[Stored items from a collection]
------------------------------------------------------------------------

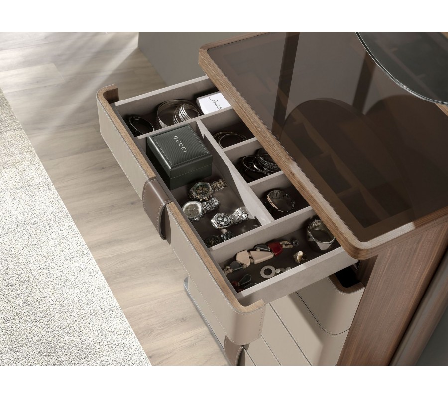Čelá zásuviek pokrýva poťah z kvalitnej pravej kože v norkovom béžovom odtieni. V strede každej zásuvky je umiestnená široká zvislá úchytka, taktiež z kože, ale v kontrastnej čokoládovej hnedej farbe. Okrem praktickej funkcie vytvárajú dizajnový vertikálny pás, plynúci stredom fasády nábytku po celej výške.
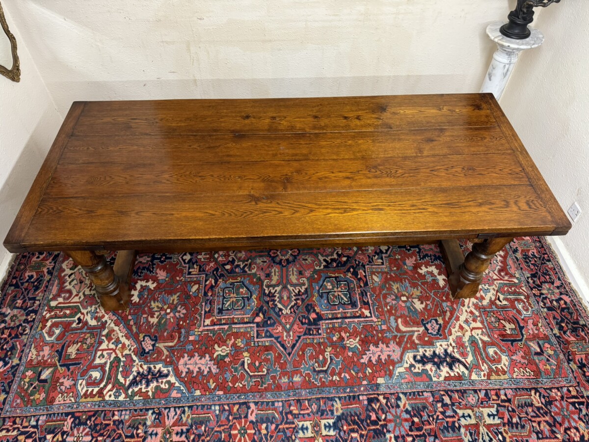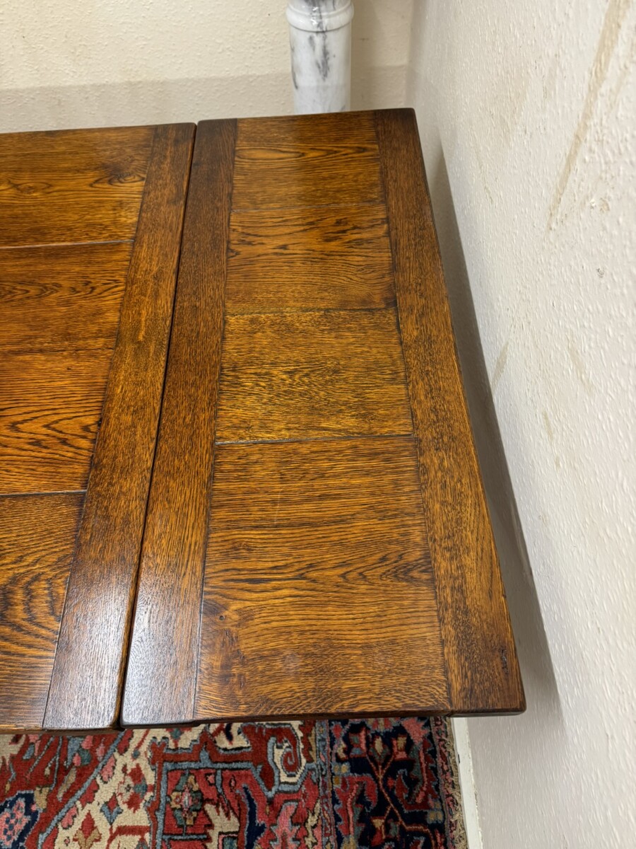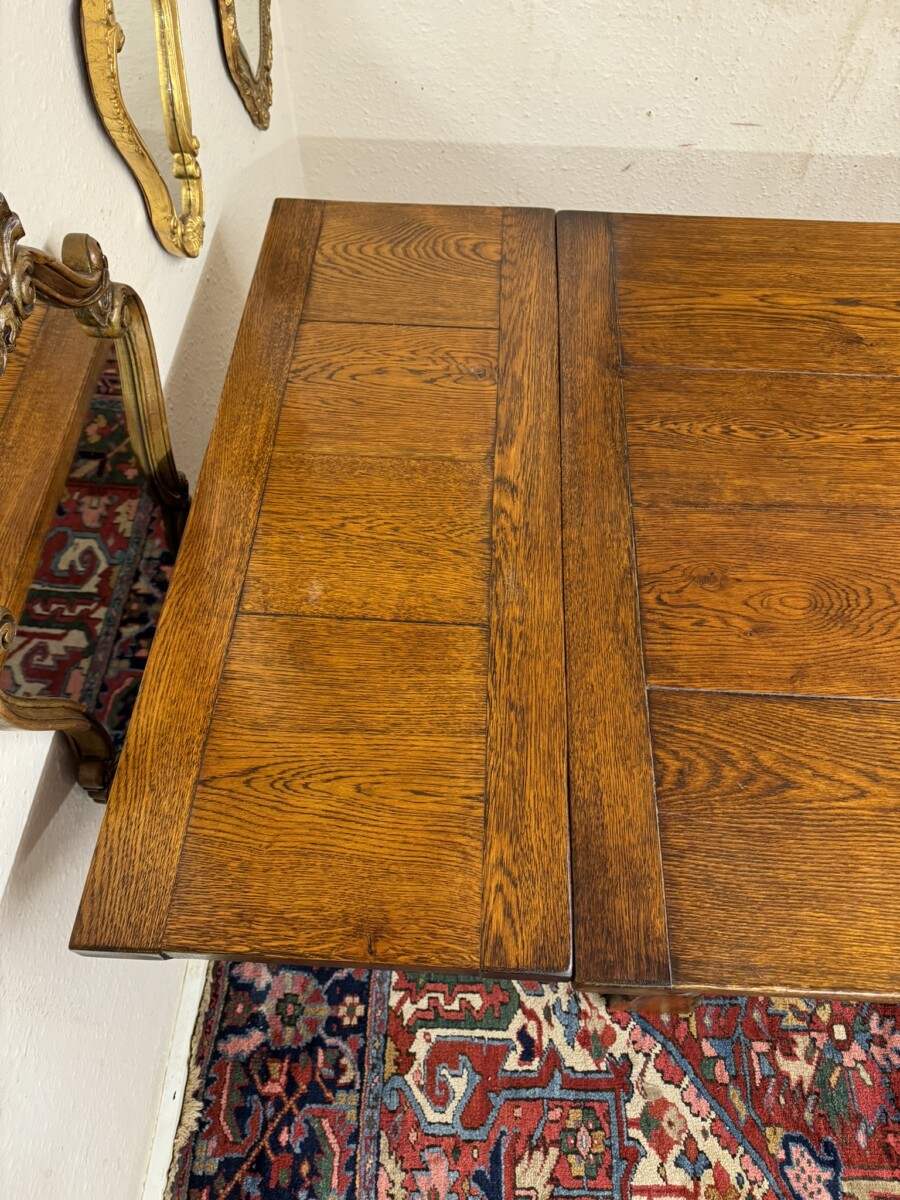 - OUTSTANDING QUALITY LARGE OAK PLANK TOP EXTENDING DINING TABLE
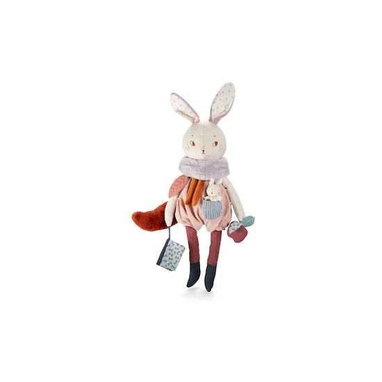 Ce grand lapin d’activités de la collection Après la pluie offre de nombreuses activités pour occuper bébé : Scritch, coucou, pouët, dilling…
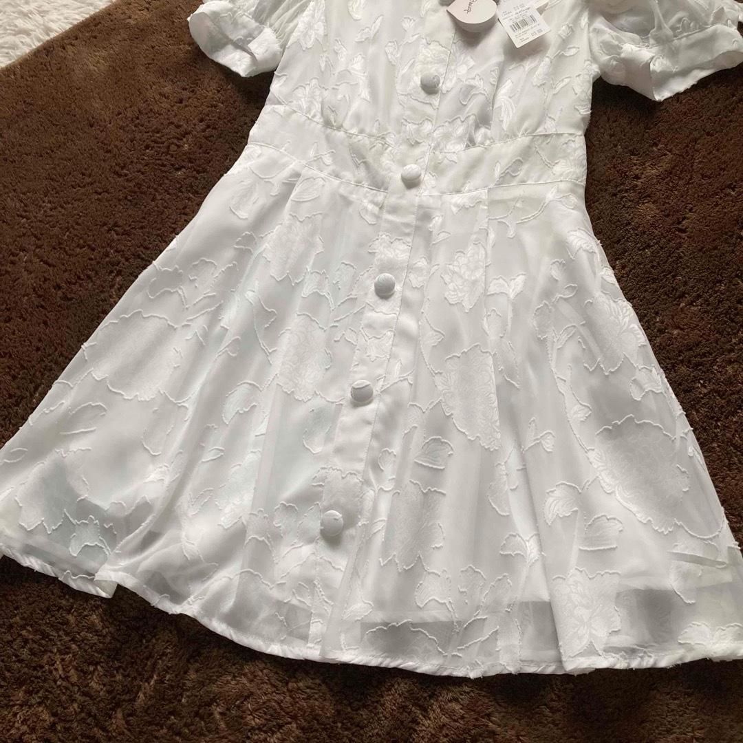 タグ付き Ank Rouge アンクルージュ フ ワンピース ミニワンピース フラワー刺繍 花柄 エンブロイダリー フリル パフスリーブ りぼん 白 ホワイト Mサイズ WWW_NICORILABO_COM
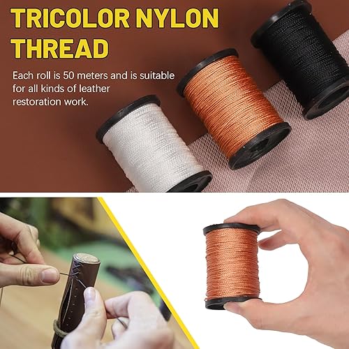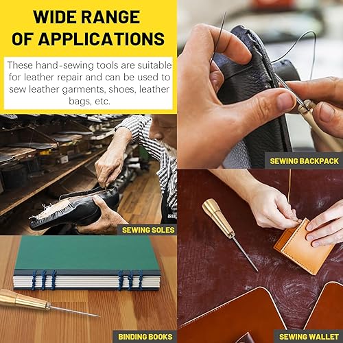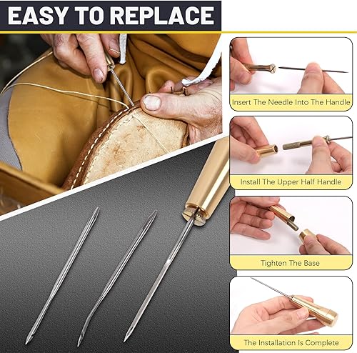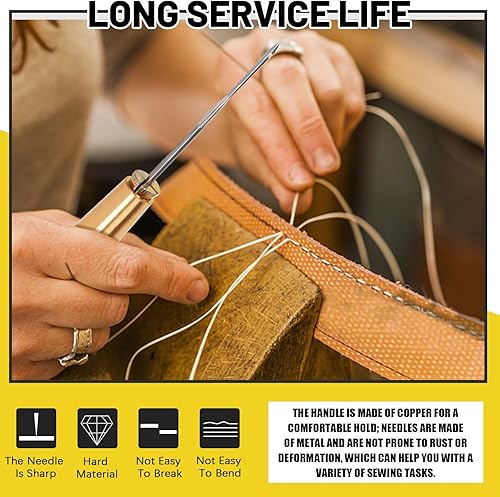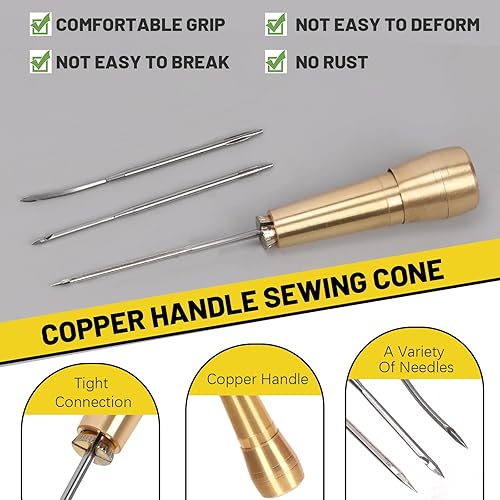Mardatt Kit de 19 alênes à coudre pour cuir comprenant une aiguille en cuir avec poignée en cuivre, des outils de travail de couture du cuir avec plusieurs types d'aiguilles, du fil ciré et un dé à
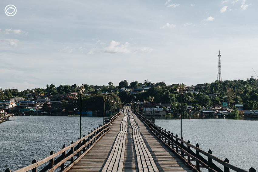 ไฮไลท์สำคัญที่ทุกคนต้องไปเยือนคือ “สะพานมอญ” หรือสะพานอุตตมานุสรณ์ สะพานไม้ยาว 850 เมตรที่ทอดยาวข้ามแม่น้ำซองกาเลีย ที่เชื่อมโยงความสัมพันธ์ระหว่างไทยและมอญ หากเราเดินไปตามสะพานจะได้พบกับการแต่งกายที่เป็นเอกลักษณ์ของชาวมอญ และเสน่ห์เฉพาะตัวของที่นี่คือการมีกลุ่มสาวมอญที่เดินเรียงรายด้วยท่าทางอันสง่างาม พร้อมกับ “เทินของ” ไว้บนศีรษะ มีทั้งขนาดเล็กและใหญ่แตกต่างกันออกไปตามความชำนาญ
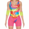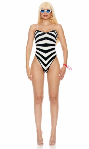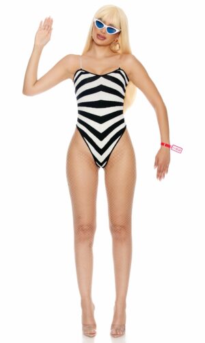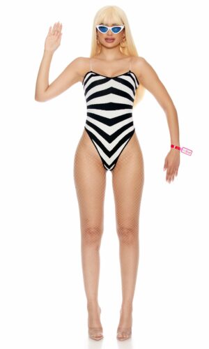 4-piece sexy doll costume features vintage inspired striped bodysuit paired with GENUINE DOLL” pvc snap bracelet and cat eye sunglasses and gold metal hoop earrings.
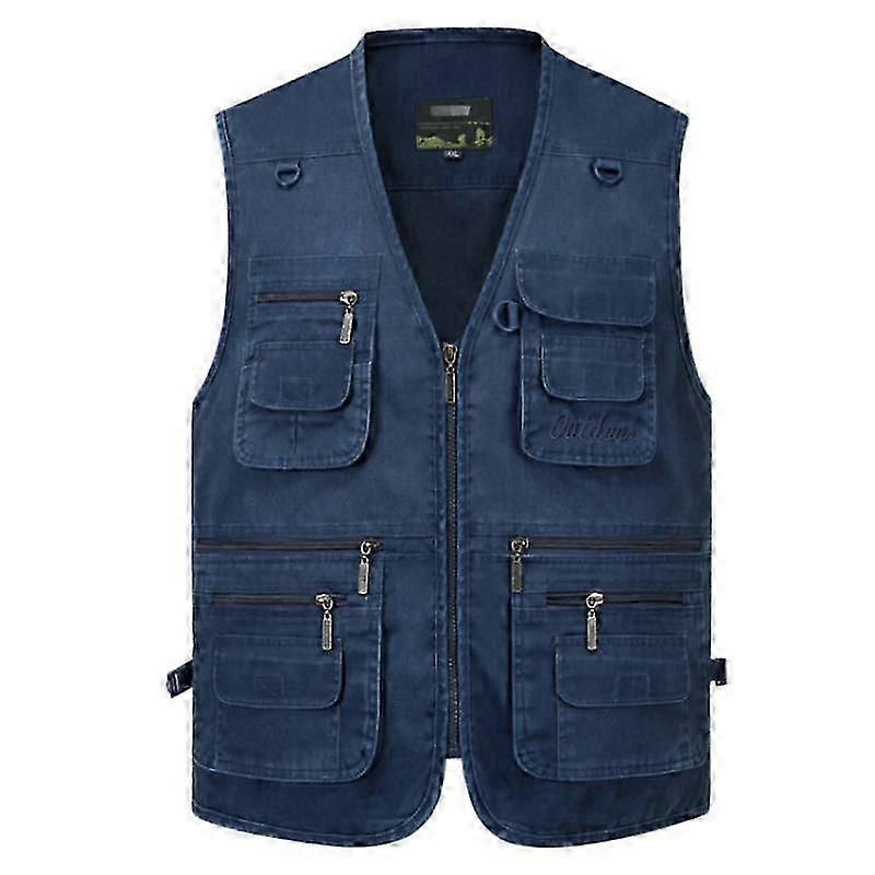 Men's Vest Casual Jacket Spring And Autumn Loose Style Cotton Multi-pocket Zipper Windproof Coat Collarless Sleeveless Jacket For Man!ZZ49

------------------------------------------------------------------------

» **What is required**: What you need to copy is the run of lines from the one holding "4-piece sexy doll" through the end of the data, exactly and only, both ends included, pictures omitted.

» **Exercise response**:
 4-piece sexy doll costume features vintage inspired striped bodysuit paired with GENUINE DOLL” pvc snap bracelet and cat eye sunglasses and gold metal hoop earrings.
 Men's Vest Casual Jacket Spring And Autumn Loose Style Cotton Multi-pocket Zipper Windproof Coat Collarless Sleeveless Jacket For Man!ZZ49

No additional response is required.